What are you expecting to happen with URLs that start with "https://clinicaltrials.gov/ct2/show/" and contain an NCT ID like the following

https://clinicaltrials.gov/ct2/show/study/NCT00866918?show_desc=Y#desc

or any URL similar to this?
Are we excluding this type of URL from the global change?

Comment entered 2019-01-22 18:40:44 by Osei-Poku, William (NIH/NCI) [C]

Please include all those URLs as long as there is an NCT ID in it. However, we would like to review all URLs if possible.

Comment entered 2019-01-22 19:04:22 by Englisch, Volker (NIH/NCI) [C]

I've attached a spreadsheet with all of the external refs starting with _https://clinicaltrials.gov/_ and containing an NCT-ID.

Comment entered 2019-01-24 11:10:21 by Osei-Poku, William (NIH/NCI) [C]

I have reviewed several of the URLs, especially the ones that do not follow the known format and they all appear to go to the same clinical trials page. So, please proceed and change all of them to protocol refs.

Comment entered 2019-01-24 19:09:12 by Englisch, Volker (NIH/NCI) [C]

I ran the global for a set of 50 summaries on DEV. The result can be inspected here:
https://cdr-dev.cancer.gov/cgi-bin/cdr/ShowGlobalChangeTestResults.py?dir=2019-01-24_18-49-54

Comment entered 2019-01-25 12:48:07 by Osei-Poku, William (NIH/NCI) [C]

I reviewed all the external refs in the first summary on the test result and all of them appear to have been transformed correctly.Thanks!

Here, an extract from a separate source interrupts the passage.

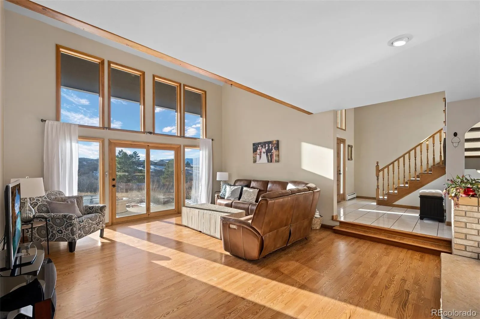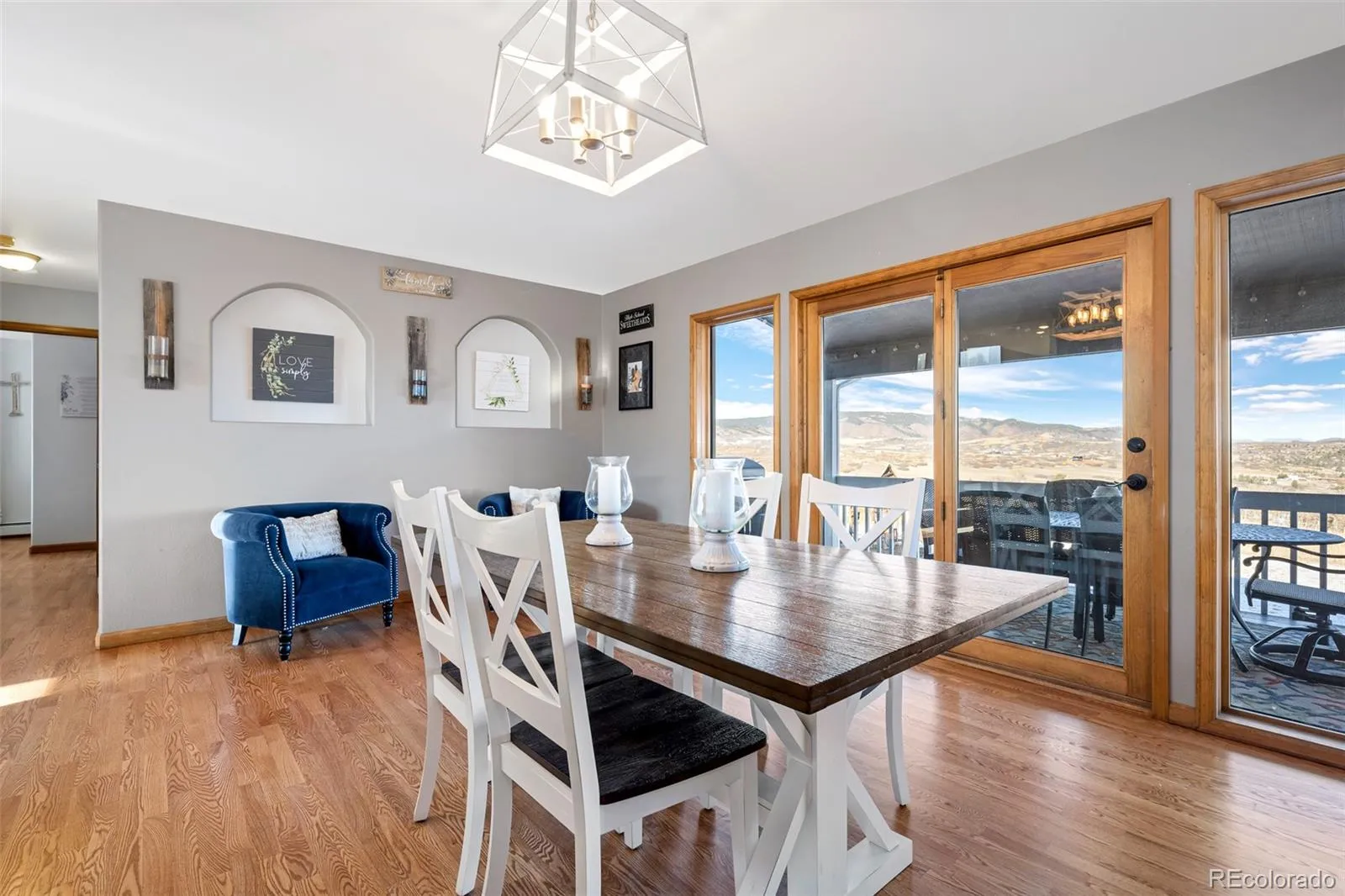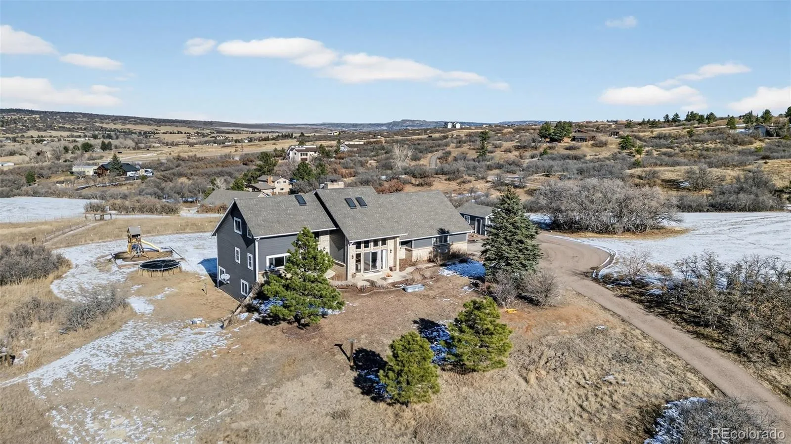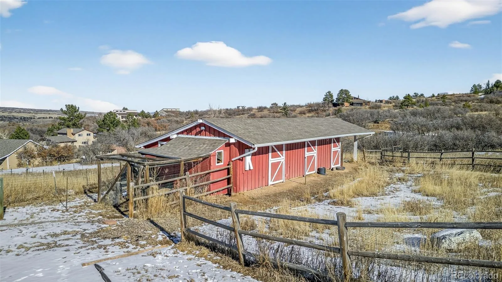 Welcome to your own little slice of Heaven!! Properties like this don’t come around often. This property offers 5 acres of uninterrupted 360 degree views. The view out of every window of the home is truly breathtaking and special. There is a 3 stall barn with electrical and water installed. The well rights include water for horses/livestock. Included is a detached one car garage which can be used as a workspace, garage or storage. Inside the home you’ll be greeted with vaulted ceilings, stunning wood beams, large picture windows allowing views from every turn and a double sided fireplace perfect for those cold snowy Colorado nights. The home offers a main floor Primary Suite with attached en-suite, 2 bedrooms upstairs and 2 additional bedrooms in the walk-out basement. In the basement you’ll also find a large unfinished storage space, work out room, family room as well as a spacious full bathroom. The roof, gutters, windows and carpet are all newer in the last 5 years and the hardwood floors throughout the main floor of the home were just refinished and are stunning! The home is on a well and septic and has 2, 1,000 gallon propane tanks for ample gas to the home. This place offers so much peace, tranquility, quiet and space. Don’t let this one pass you up! Begin your true Colorado living today!!

However, the diff report is confusing, especially in cases where there are a lot of external refs. It includes most of the surround text in the summary so looking for the changes is very difficult. Can you please make the diff report display only the changes?

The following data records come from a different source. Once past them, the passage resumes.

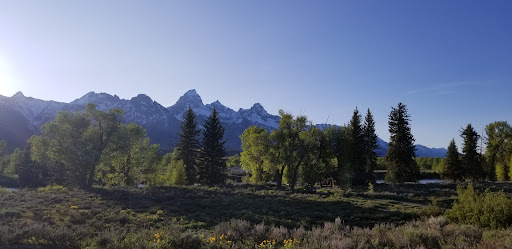 Tonight we stopped by the Spur Bar for Dornans Pizza, BIG WOW, BEST tasting pizza 🍕 ever. 😋😋😋. It was packed because it has rained and the up stairs outside and downstairs outside was wet and cold. We ordered our pizzas and looked around, went upstairs to take in the view of the Tetons, Magnificent!! Then went down into the bar /seating area and looked out the huge windows at the Majestic Tetons and a table opened up ama we got our pizza and sat down, lovely. Didn't say a word cause we were too busy enjoying the tasty...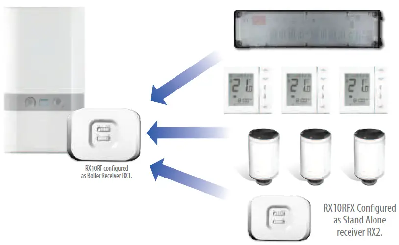 The RX10RF can be configured as remote boiler switch or a simple single channel output to control, a thermal actuator or zone valve. Please note the two configuratons above can be used together in the one system.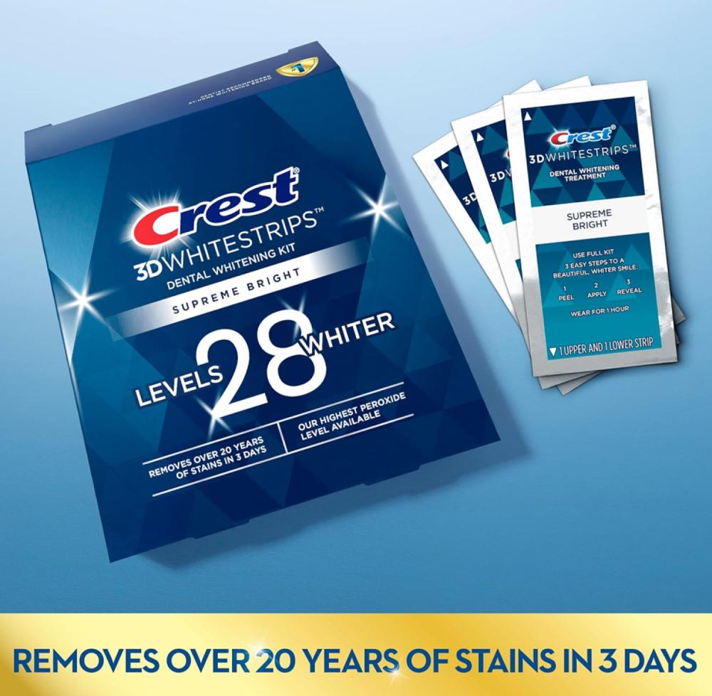لصقات سوبريم برايت لتبييض الأسنان من كرست ثري دي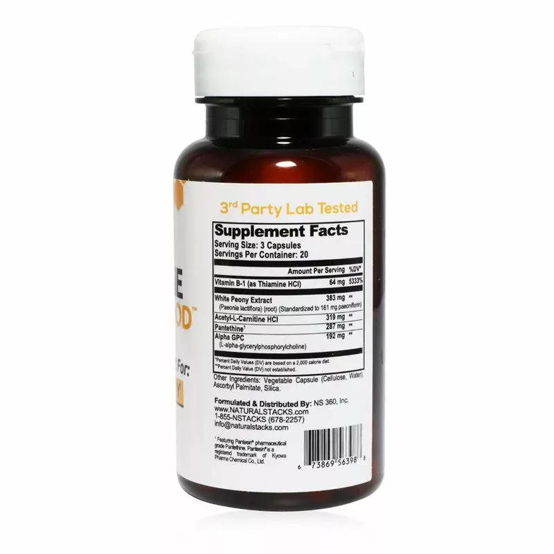 Vitamin B1, taking the form of Thiamine HCL, is included to increase the production of acetyl-CoA molecules in the brain. These are necessary molecules used to provide acetyl groups to the enzyme Choline Acetyltransferase (ChAT) so it can produce the acetylcholine neurotransmitter.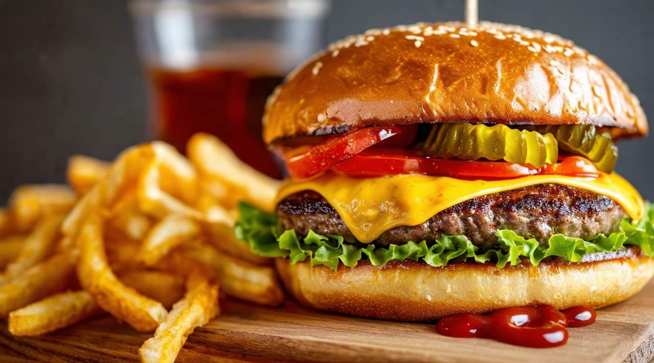 Juneći burger 150g, domaći roštilj sos, karamelizovani luk, slaninica, cheddar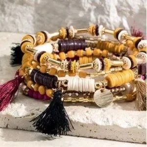 Handcrafted multi layered stretch bracelets with mixed lustrous gold tone beads and acrylic beads. Charms and tassel embellishments.
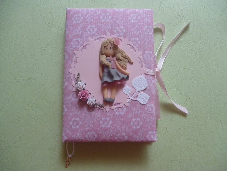 Ну и еще девочку делала для декора обложки блокнота. Блокнот тоже ручной работы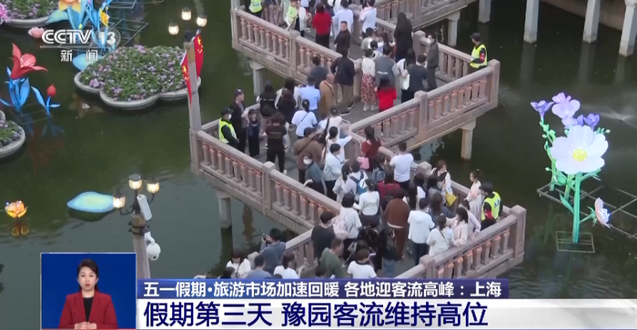 总台记者 魏然:一整天下来,来豫园的游客们的参观热情丝毫不减。在九曲桥上,游客摩肩接踵。警方在上桥处专门设置了蛇形通道控制客流,且从南至北单向通行,确保游客们在桥上的安全。这个五一假期,豫园的游客数量相较平时有了三四倍的增长。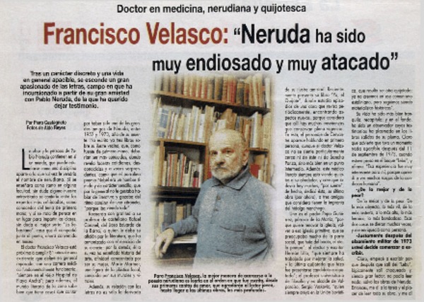 Francisco Velasco: "Neruda ha sido muy endiosado y muy atacado" [entrevistas] [artículo] : Piero Castagneto.

Comment entered 2019-01-25 13:30:49 by Osei-Poku, William (NIH/NCI) [C]

This is just a note for and with regards to the Closed Protocols on Cancer.gov we talked about in the meeting yesterday. I just came across 3 of them:

https://www.cancer.gov/about-cancer/treatment/clinical-trials/search/v?id=NCT01371981&r=1
https://www.cancer.gov/about-cancer/treatment/clinical-trials/search/v?id=NCT02538965&r=1
https://www.cancer.gov/about-cancer/treatment/clinical-trials/search/v?id=NCT02642965&r=1

It looks like they have been intentionally included since they have appropriately been labeled either "Status: Closed to Accrual and Intervention" OR "Status: Closed to Accrual"

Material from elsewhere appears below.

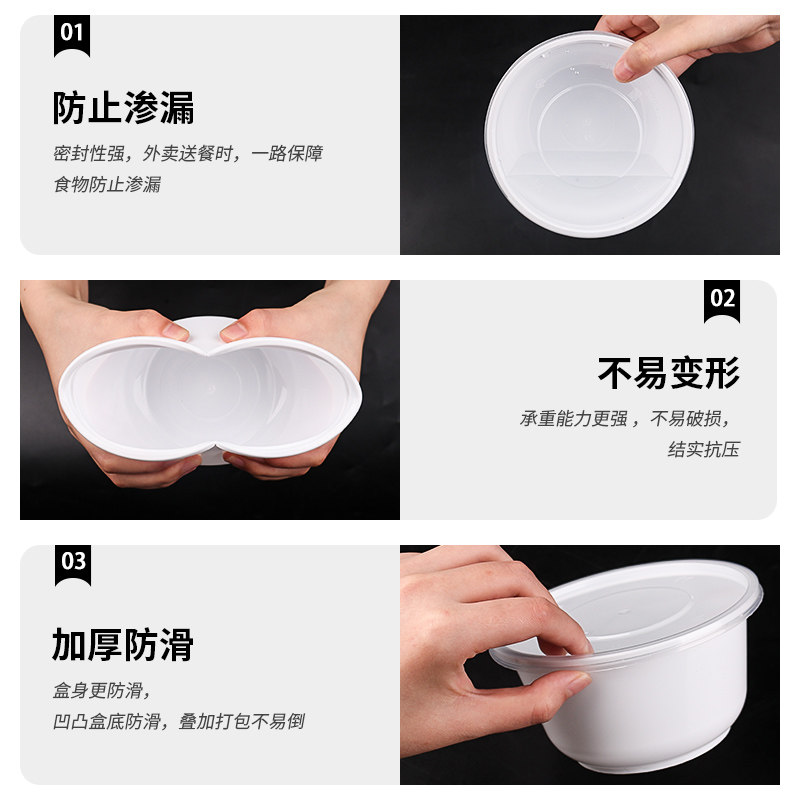 一次性碗带盖冰粉酸辣粉商用外卖盒子可微波炉加热打包盒圆形餐盒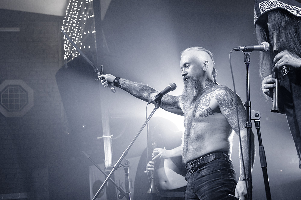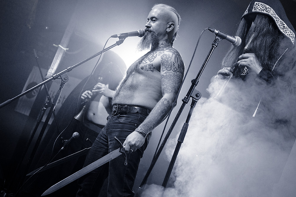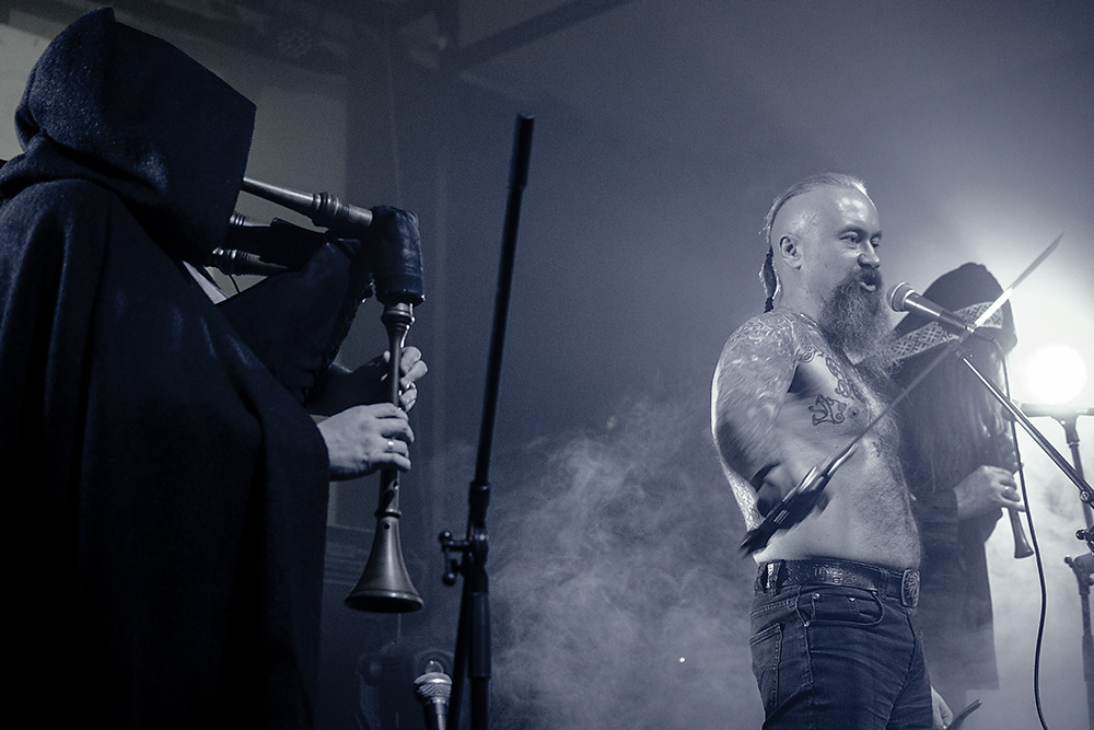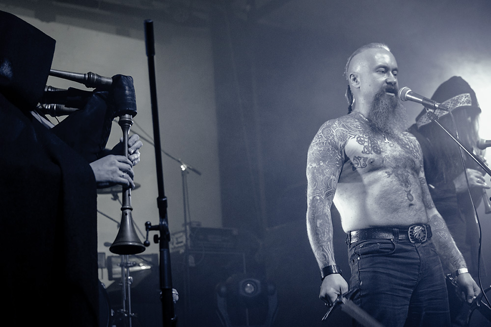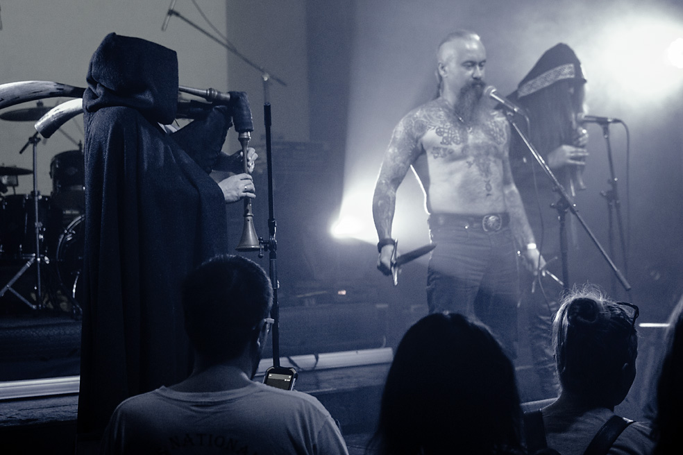 Вроде бы OSTERWEG выступали в Менске впервые. Признаюсь, ничего особого от OSTERWEG я не ожидал — видел пару роликов с их предыдущих концертов, и все действо на них выглядело довольно безрадостно: два человека в балахонах дудят в дудки, очень статично, без особого движения и харизмы. Так вот, оказалось, что мои ожидания совершенно не оправдались — «живьем» OSTERWEG хороши. Да, шоу у OSTERWEG нет, просто два музыканта, просто играют на своих инструментах, но по итогу — только позитивные впечатления и никакой скуки. Хронометраж выступления группы был небольшой. Насколько я понял, играли они только композиции с дебютного альбома, что довольно странно, ведь совсем недавно у группы вышел новый альбом, и они, по идее, должны были бы презентовать именно новый материал. Завершили свой сет OSTERWEG песней с дебютной же пластинки — беларусской версии культового неофолкового хита Wir Rufen Deine Wölfe. Это была единственная неинструментальная композиция за все выступление группы — с вокалом OSTERWEG помог Войст из PRAGNAVIT, который вышел на сцену с голым торсом и всю песню размахивал двумя мечами… правда, вокал у Войста был так себе — но его можно простить, так как в Менск могилевчанин приехал из-под капельницы с температурой 37 (у него пневмония).

Comment entered 2019-01-25 19:01:06 by Englisch, Volker (NIH/NCI) [C]

I understand that diff reports can be confusing but I didn't make any changes to the program that helps you to look at the diffs between the original and the modified version, therefore I don't want to mix these two issues here in one ticket.
Please submit a separate ticket if you feel the presentation of the diffs needs to be adjusted.

As a side note: Modifying the program ShowGlobalChangeTestResults.py is not a release independent task.

Comment entered 2019-01-25 19:02:19 by Englisch, Volker (NIH/NCI) [C]

I started a test run for all summaries on DEV for this global change.

Comment entered 2019-01-29 14:36:53 by Osei-Poku, William (NIH/NCI) [C]

We have reviewed several summaries from the test run and they all looked good. Please proceed to run in live mode on DEV. Thanks!

Comment entered 2019-01-29 16:39:58 by Englisch, Volker (NIH/NCI) [C]

The Live run on DEV completed in about 40 minutes.

Comment entered 2019-01-30 17:09:34 by Osei-Poku, William (NIH/NCI) [C]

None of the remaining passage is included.